This should be enough for the "up" function, let's continue with creating a fetch function for our User model.

After expecting the exported and the returned types, we can move on to the actual implementation. When I'm dealing with testing modules with a database, I usually create an extra describe block for those functions that need test data inserted. Within that extra describe block I can create a beforeEach block to insert data before each test. It is also important to create a before block for creating the table before testing.

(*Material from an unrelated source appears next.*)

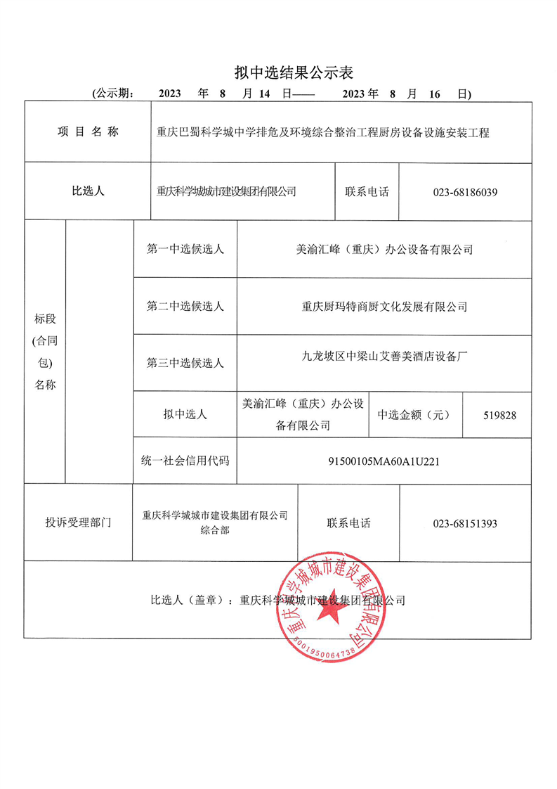 重庆巴蜀科学城中学排危及环境综合整治工程厨房设备设施安装工程拟中选结果公示表
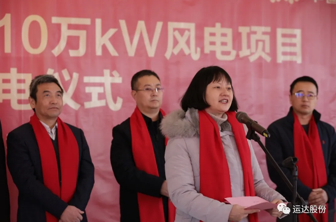 运达股份党委书记、总经理高玲向出席仪式的领导、来宾表示热烈欢迎。她表示,张北二台镇宇宙营10万kW风电项目是运达股份与战略合作伙伴——中节能风电共谋发展的成果体现。在抢装潮带来的设备供应压力下、在新冠疫情期间全国性停工停产难题下,该项目得到了各级政府、领导及合作单位的大力支持,全体参建人员牢固树立“一盘棋”思想,以打造精品工程为目标,将准备到位、组织到位、措施到位、协调到位融入工程各个环节,积极探索项目建设运营的宝贵经验。

describe('fetch', () => {  
    it('should export a function', () => {
      it('should export a function', () => {
        expect(User.fetch).to.be.a('Function')
      })
      it('should return a Promise', () => {
        const usersFetchResult = User.fetch()
        expect(usersFetchResult.then).to.be.a('Function')
        expect(usersFetchResult.catch).to.be.a('Function')
      })

      describe('with inserted rows', () => {
        const testName = 'Peter'

        before(() => User.up())
        beforeEach(() =>
          Promise.all([
            db.insert({
              name: testName
            }).into('users'),
            db.insert({
              name: 'John'
            }).into('users')
          ])
        )

        it('should return the users by their name', () =>
          expect(
            User.fetch(testName)
              .then(_.map(
                _.omit(['id', 'created_at', 'updated_at'])))
          ).to.eventually.be.eql([{
            name: 'Peter'
          }])
        )
      })
    })
  })

Notice that I've used lodash to omit those fields that are dynamically added by the database and would be hard (or even impossible) to inspect on otherwise. We can also use Promises to extract the first value to inspect its keys with the following code:

it('should return users with timestamps and id', () =>  
  expect(
    User.fetch(testName)
      .then((users) => users[0])
  ).to.eventually.have.keys('created_at', 'updated_at', 'id', 'name')
)

Testing Internal Functions

Let's move forward with testing some internals of our functions. When you're writing proper tests only the functionality of the current function should be tested. To achieve this, you have to ignore the external function calls. To solve this, there are some utility functions provided by a module called sinon. Sinon module allows us to do 3 things:

  • Stubbing: means that the function that you stub, won't be called, instead you can provide an implementation. If you don't provide one, then it will be called as function () {} empty function).
  • Spying: a function spy will be called with its original implementation, but you can make assertions about it.
  • Mocking: is basically the same as stubbing but for objects not only functions

To demonstrate the use of spies, let's introduce a logger module into our codebase: winston. Guess what the code is doing by its the test over here:

it('should call winston if name is all lowercase', function * () {  
  sinon.spy(logger, 'info')
  yield User.fetch(testName.toLocaleLowerCase())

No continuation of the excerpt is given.